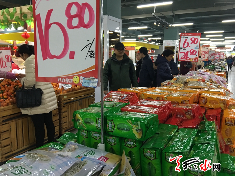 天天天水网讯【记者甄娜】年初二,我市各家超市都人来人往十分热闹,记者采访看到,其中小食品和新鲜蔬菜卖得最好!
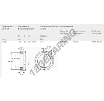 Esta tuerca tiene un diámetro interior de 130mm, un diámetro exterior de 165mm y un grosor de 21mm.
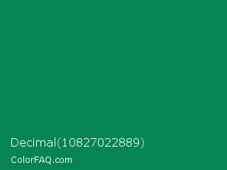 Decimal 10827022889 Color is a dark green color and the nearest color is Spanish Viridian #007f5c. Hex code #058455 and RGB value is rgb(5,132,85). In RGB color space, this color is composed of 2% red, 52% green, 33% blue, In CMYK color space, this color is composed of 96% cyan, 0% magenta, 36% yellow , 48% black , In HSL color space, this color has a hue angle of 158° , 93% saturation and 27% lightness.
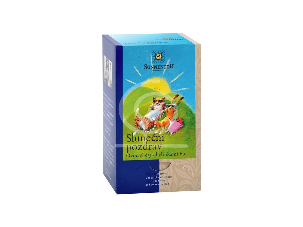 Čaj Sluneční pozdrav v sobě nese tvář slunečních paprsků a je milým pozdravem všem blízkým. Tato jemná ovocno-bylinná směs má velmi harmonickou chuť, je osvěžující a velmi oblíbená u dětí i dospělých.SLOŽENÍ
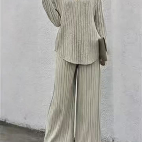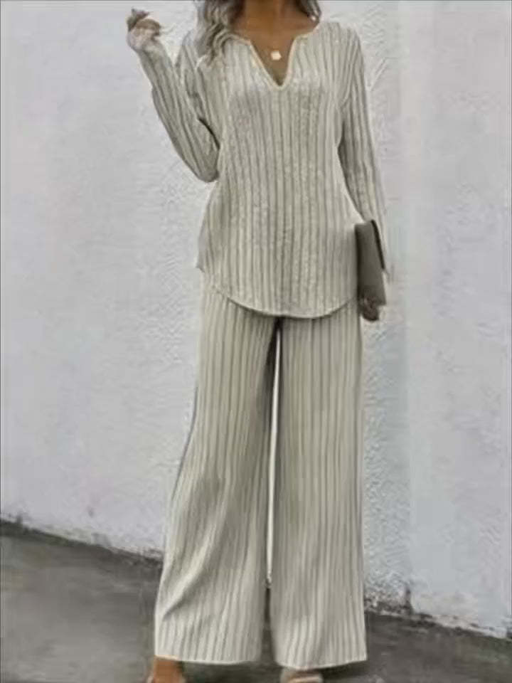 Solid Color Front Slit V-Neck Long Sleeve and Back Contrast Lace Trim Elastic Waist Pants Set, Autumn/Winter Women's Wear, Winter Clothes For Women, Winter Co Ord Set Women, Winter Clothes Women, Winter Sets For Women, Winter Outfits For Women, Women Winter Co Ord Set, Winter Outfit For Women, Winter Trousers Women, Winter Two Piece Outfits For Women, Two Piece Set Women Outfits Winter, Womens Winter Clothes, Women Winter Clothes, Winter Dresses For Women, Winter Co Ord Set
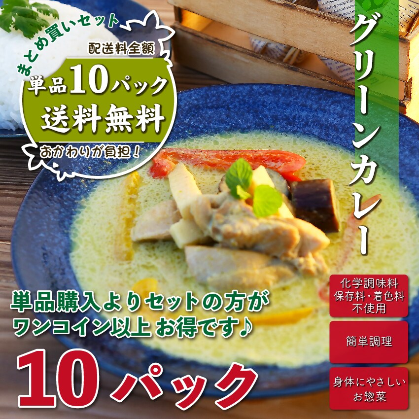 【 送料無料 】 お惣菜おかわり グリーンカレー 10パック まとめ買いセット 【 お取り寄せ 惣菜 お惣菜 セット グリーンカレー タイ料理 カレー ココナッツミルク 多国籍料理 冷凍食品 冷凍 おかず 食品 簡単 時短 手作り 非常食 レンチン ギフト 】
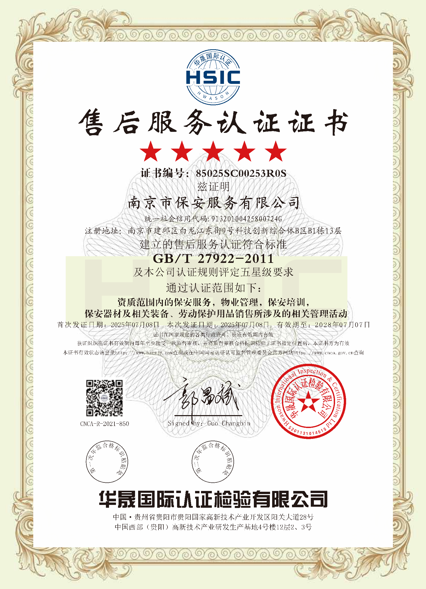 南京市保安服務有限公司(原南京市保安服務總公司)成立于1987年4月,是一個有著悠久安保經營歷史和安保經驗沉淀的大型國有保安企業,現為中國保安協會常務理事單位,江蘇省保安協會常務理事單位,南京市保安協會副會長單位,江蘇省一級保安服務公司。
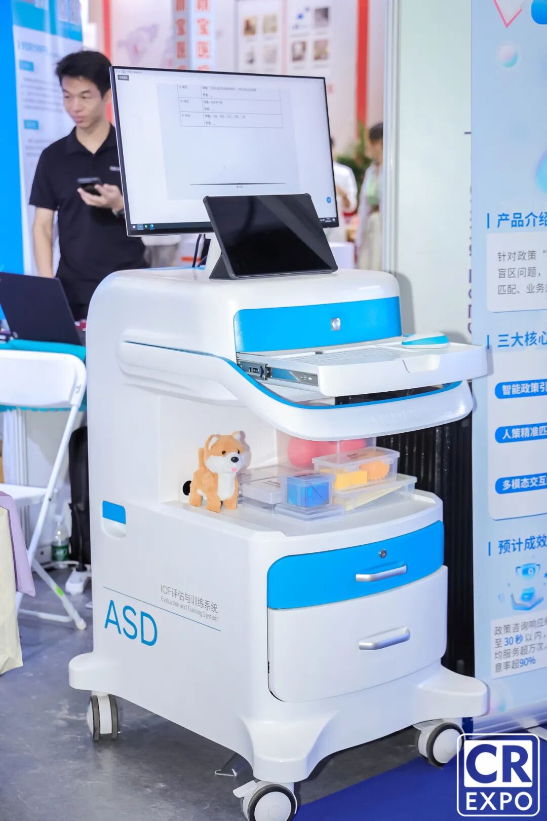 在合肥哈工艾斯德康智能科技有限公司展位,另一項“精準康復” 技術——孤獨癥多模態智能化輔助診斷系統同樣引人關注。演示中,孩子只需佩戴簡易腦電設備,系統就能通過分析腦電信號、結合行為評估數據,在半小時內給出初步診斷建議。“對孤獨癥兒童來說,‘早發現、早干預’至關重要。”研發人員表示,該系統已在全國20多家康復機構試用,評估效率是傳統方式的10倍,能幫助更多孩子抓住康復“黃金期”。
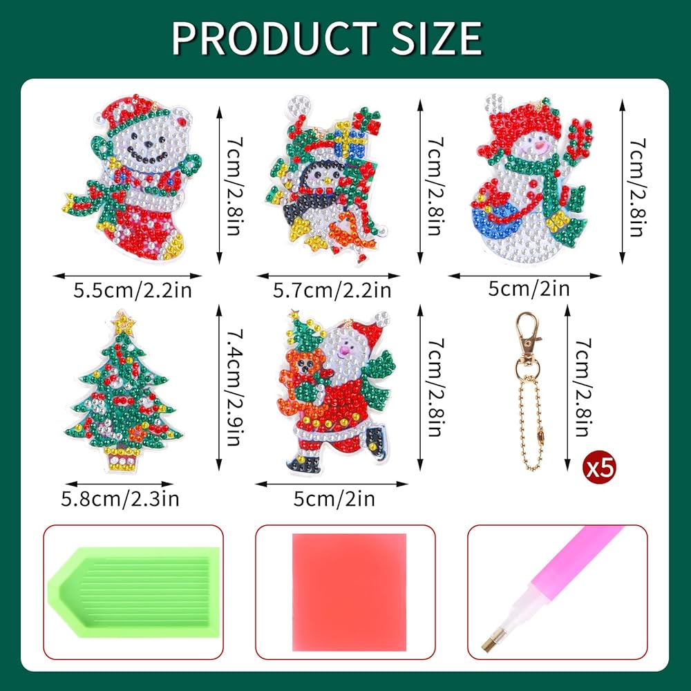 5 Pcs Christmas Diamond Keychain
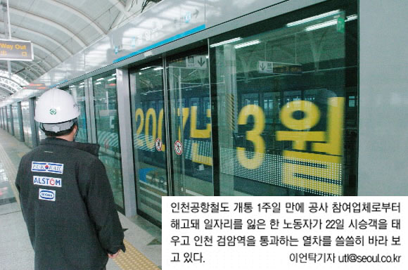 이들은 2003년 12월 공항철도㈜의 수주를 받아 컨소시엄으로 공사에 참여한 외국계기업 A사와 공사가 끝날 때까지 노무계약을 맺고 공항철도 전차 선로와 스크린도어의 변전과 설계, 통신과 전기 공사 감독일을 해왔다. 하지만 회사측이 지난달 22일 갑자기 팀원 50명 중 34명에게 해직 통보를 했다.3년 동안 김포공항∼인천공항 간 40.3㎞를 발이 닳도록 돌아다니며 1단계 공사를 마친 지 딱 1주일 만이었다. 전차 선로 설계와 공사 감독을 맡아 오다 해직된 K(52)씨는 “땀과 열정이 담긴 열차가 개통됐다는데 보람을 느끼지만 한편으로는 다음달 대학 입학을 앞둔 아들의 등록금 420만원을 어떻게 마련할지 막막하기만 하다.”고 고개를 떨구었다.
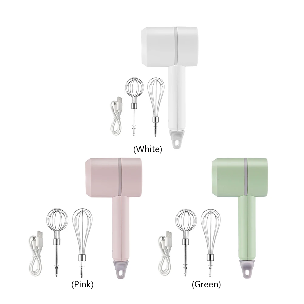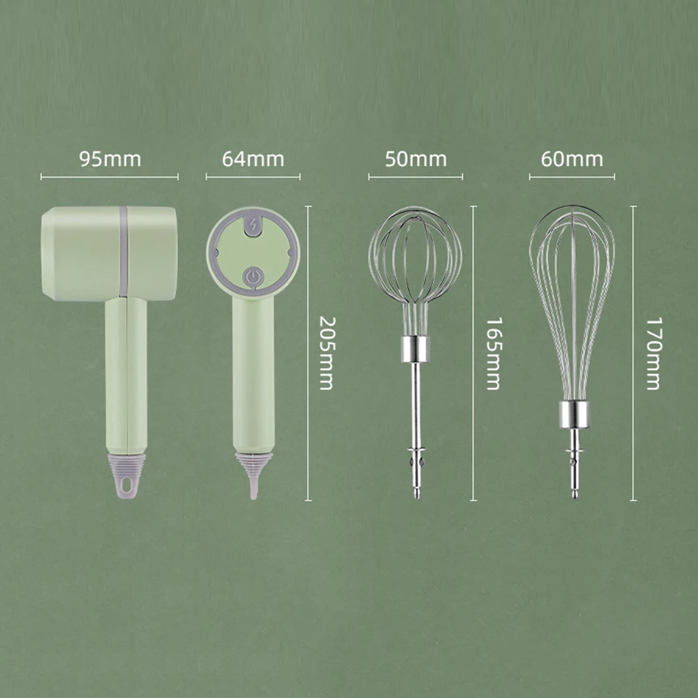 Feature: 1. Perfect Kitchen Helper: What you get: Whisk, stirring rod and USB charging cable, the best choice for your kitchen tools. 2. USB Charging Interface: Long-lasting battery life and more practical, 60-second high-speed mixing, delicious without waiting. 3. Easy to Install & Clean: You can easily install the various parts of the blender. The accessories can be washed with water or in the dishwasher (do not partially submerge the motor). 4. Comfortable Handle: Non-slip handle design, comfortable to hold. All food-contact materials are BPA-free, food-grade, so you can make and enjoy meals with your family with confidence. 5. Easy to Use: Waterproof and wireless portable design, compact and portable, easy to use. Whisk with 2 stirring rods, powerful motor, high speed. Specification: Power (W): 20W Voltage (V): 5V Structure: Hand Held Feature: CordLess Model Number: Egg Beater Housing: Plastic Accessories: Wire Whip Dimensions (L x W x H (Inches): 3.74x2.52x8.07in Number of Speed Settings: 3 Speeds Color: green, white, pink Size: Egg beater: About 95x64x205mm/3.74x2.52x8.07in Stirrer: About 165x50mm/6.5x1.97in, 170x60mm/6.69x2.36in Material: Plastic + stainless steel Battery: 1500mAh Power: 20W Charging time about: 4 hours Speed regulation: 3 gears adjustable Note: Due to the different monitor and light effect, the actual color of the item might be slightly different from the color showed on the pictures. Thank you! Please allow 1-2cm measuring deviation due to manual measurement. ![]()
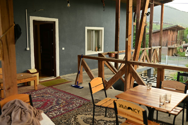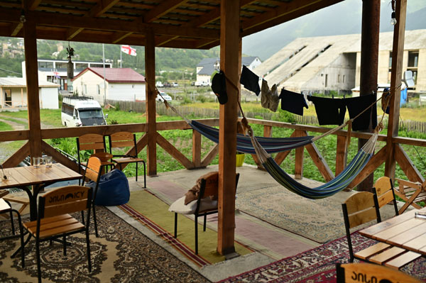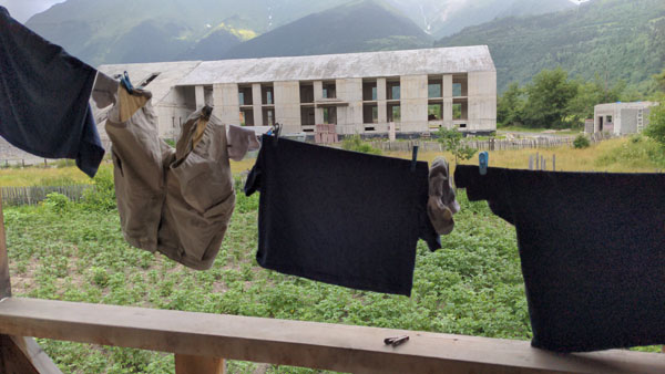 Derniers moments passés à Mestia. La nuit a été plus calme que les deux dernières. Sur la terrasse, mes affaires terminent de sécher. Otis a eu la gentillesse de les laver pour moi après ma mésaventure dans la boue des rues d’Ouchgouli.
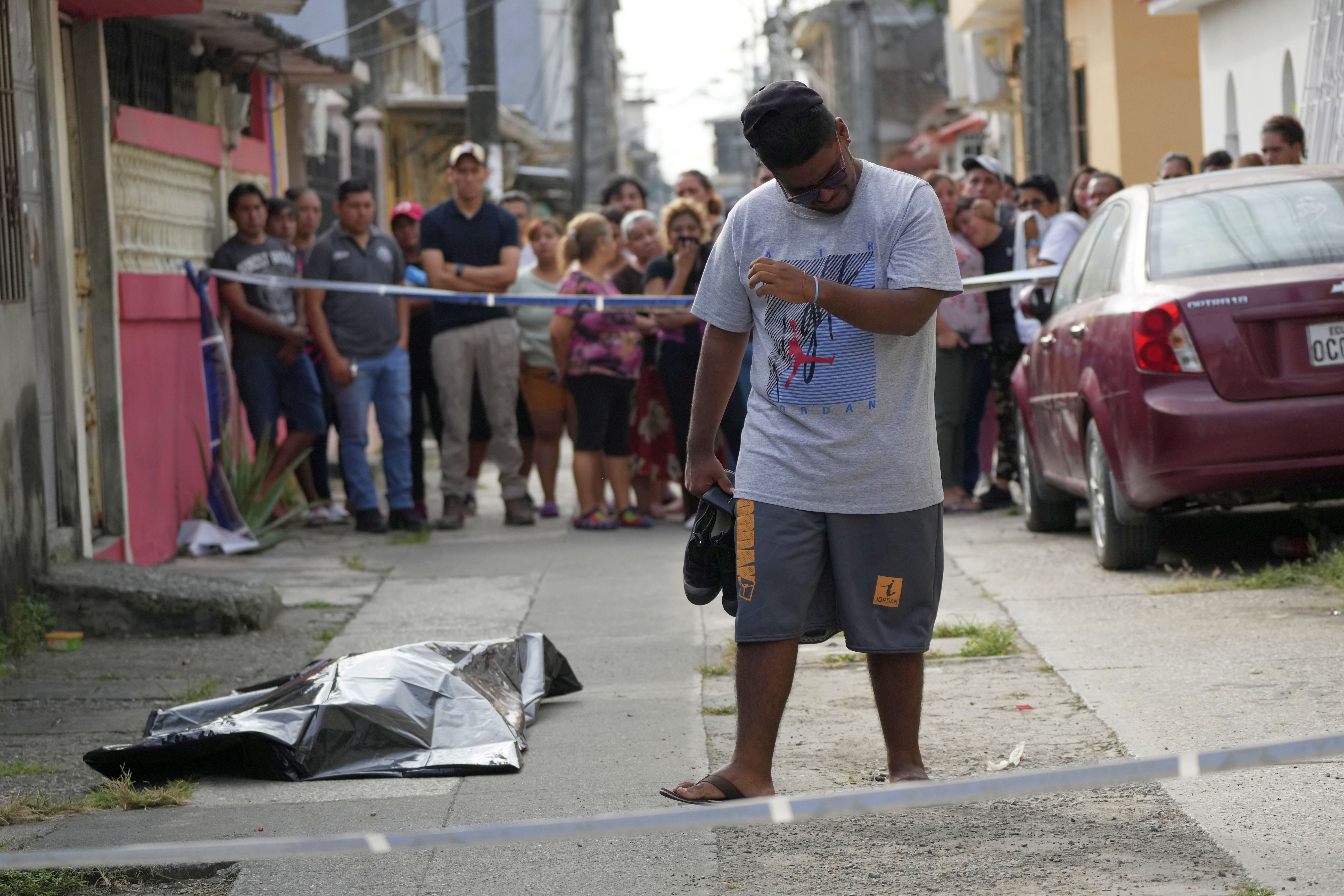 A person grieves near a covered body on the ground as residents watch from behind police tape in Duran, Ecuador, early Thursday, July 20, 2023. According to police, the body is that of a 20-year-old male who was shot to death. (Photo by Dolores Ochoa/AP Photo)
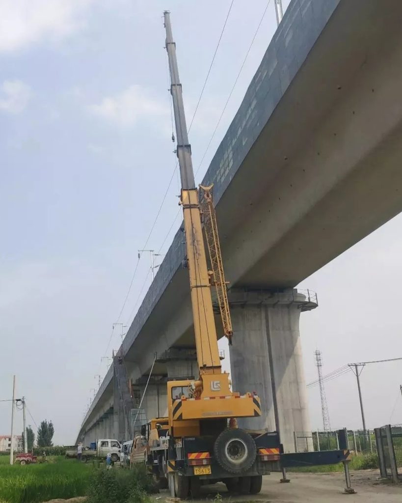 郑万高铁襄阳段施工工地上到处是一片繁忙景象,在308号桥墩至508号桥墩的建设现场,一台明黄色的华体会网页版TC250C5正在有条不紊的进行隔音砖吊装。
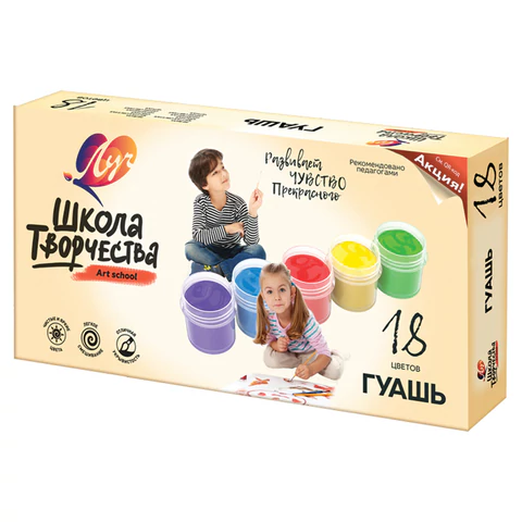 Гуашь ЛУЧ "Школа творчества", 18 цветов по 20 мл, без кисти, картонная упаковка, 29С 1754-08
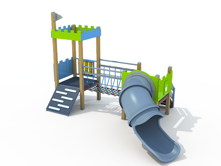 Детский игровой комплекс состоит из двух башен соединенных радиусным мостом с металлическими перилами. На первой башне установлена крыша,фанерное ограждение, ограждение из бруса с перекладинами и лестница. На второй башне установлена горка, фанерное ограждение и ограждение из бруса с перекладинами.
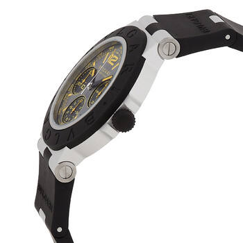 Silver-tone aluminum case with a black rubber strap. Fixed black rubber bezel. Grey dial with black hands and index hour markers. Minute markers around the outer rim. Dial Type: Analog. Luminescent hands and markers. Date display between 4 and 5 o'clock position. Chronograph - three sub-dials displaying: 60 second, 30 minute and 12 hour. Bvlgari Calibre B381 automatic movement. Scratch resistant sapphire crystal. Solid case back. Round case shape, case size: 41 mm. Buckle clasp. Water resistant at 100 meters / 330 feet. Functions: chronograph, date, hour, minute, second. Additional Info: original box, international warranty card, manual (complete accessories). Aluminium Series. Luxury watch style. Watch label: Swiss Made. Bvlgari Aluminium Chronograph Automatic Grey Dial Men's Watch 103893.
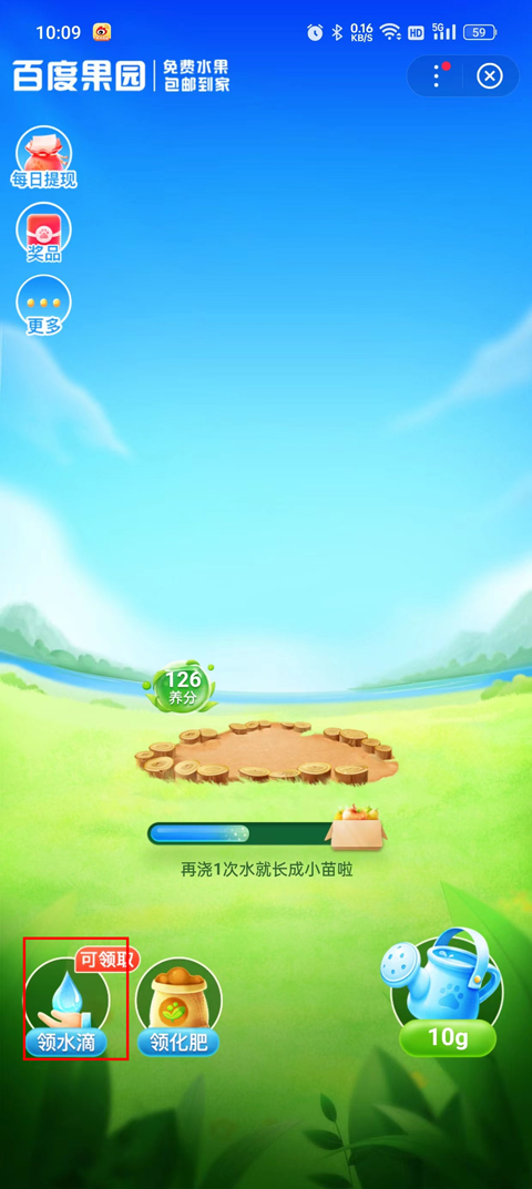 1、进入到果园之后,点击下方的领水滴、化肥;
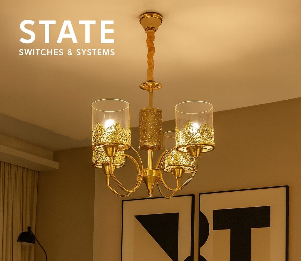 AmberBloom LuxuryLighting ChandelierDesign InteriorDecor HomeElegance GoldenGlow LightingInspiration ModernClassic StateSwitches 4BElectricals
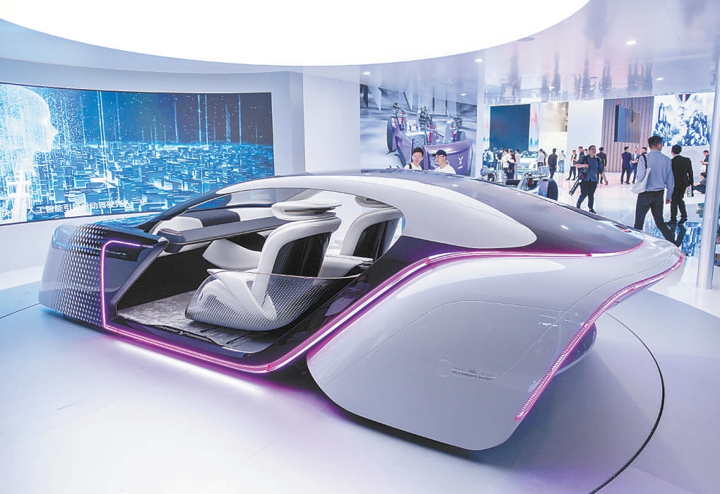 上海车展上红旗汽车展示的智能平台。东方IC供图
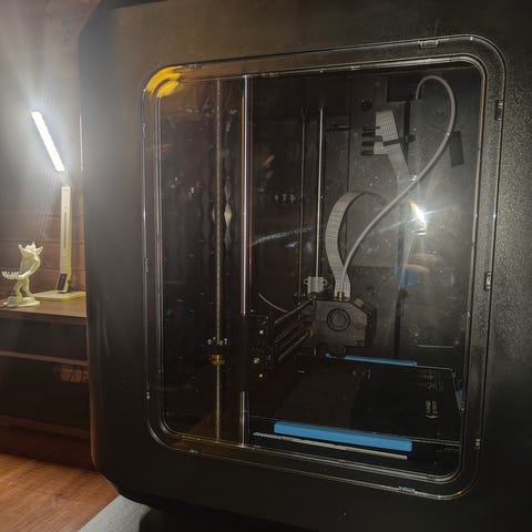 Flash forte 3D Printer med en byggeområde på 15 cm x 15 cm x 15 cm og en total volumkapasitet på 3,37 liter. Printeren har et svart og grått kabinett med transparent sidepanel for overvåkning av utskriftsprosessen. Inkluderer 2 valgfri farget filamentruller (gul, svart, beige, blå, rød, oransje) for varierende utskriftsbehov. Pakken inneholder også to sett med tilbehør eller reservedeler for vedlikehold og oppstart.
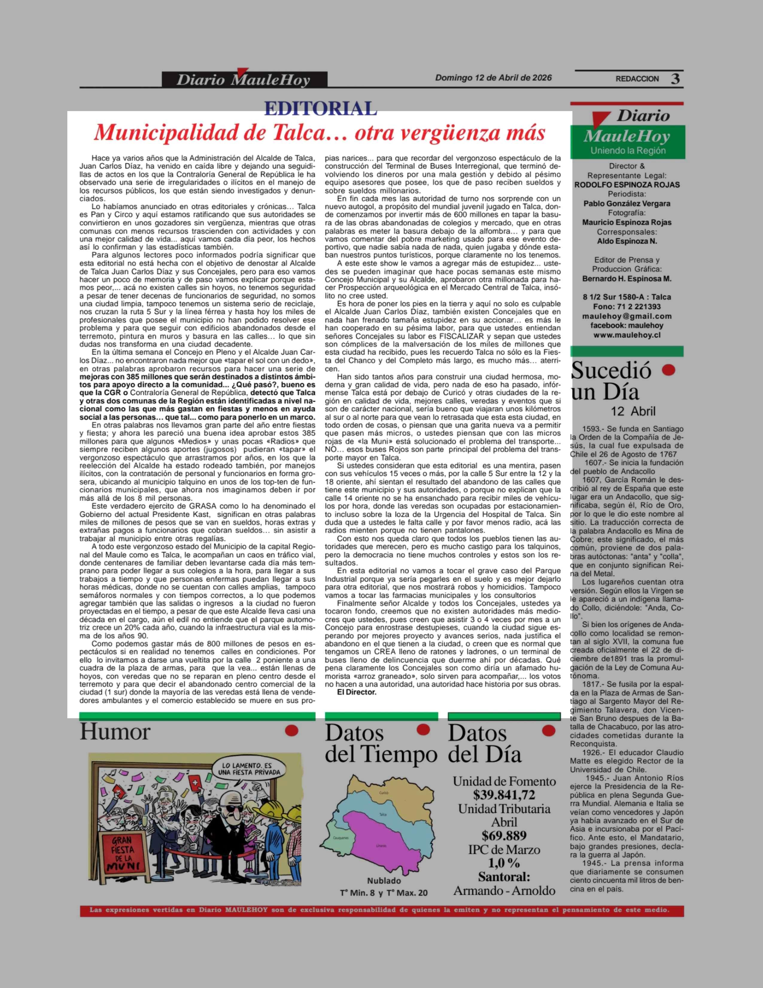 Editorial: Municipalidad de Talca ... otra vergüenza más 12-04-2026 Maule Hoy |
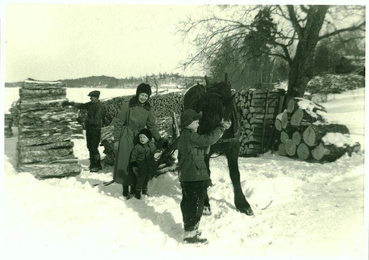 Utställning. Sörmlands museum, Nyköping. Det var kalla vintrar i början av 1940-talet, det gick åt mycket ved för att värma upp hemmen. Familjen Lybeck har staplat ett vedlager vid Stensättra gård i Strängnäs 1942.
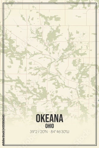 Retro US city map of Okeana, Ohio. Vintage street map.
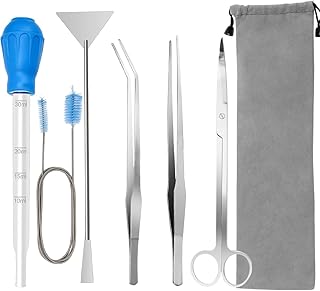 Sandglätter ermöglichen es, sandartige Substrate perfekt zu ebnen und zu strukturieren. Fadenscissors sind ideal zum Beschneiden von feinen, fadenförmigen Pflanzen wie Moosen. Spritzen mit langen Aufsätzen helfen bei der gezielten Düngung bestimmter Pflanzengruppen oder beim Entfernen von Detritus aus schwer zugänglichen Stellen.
──────────────────────────────
_What you are asked to do:_
Leaving all pictures out, output exactly the lines of the material above from the line with "Editorial: Municipalidad de" to the line with "Retro US city", both included.

_Answer to the exercise:_
 Editorial: Municipalidad de Talca ... otra vergüenza más 12-04-2026 Maule Hoy |
 Utställning. Sörmlands museum, Nyköping. Det var kalla vintrar i början av 1940-talet, det gick åt mycket ved för att värma upp hemmen. Familjen Lybeck har staplat ett vedlager vid Stensättra gård i Strängnäs 1942.
 Retro US city map of Okeana, Ohio. Vintage street map.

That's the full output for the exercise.